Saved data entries
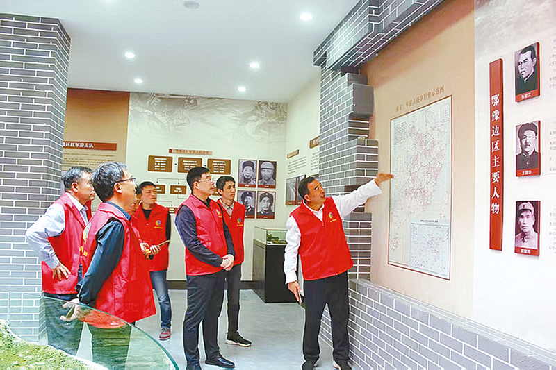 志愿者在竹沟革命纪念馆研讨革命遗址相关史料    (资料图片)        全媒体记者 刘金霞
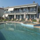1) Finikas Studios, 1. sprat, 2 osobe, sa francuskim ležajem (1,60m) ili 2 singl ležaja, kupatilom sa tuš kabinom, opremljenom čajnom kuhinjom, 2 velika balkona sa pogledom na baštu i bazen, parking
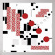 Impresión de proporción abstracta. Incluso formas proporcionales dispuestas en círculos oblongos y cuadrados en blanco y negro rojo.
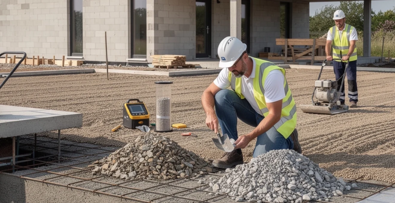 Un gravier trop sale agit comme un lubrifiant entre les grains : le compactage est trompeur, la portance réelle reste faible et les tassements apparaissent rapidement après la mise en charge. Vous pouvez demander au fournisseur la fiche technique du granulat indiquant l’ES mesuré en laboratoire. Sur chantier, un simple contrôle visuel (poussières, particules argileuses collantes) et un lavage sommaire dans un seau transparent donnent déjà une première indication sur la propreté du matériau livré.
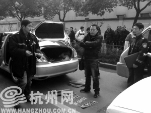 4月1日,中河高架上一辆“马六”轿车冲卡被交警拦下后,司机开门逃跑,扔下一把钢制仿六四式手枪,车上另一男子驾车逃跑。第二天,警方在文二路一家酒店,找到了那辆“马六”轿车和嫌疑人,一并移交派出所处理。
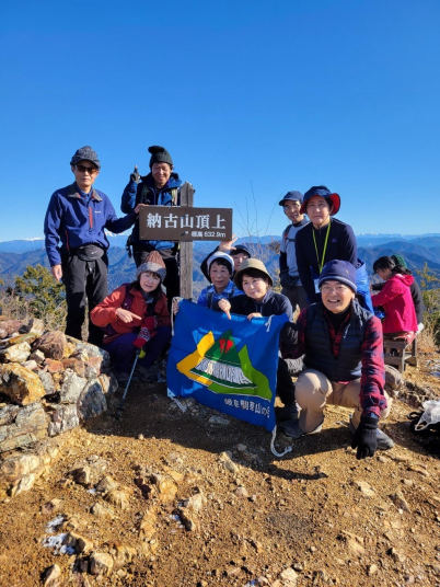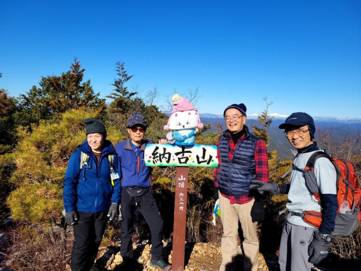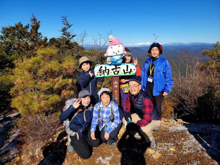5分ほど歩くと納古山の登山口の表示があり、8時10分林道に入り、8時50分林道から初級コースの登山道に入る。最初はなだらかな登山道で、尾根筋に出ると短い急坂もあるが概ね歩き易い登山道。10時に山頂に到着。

What this task involves: The required result is the entries above, printed exactly from the first line through the line with "Impresión de proporción", pictures excluded.

Answer section:
 志愿者在竹沟革命纪念馆研讨革命遗址相关史料    (资料图片)        全媒体记者 刘金霞
1) Finikas Studios, 1. sprat, 2 osobe, sa francuskim ležajem (1,60m) ili 2 singl ležaja, kupatilom sa tuš kabinom, opremljenom čajnom kuhinjom, 2 velika balkona sa pogledom na baštu i bazen, parking
 Impresión de proporción abstracta. Incluso formas proporcionales dispuestas en círculos oblongos y cuadrados en blanco y negro rojo.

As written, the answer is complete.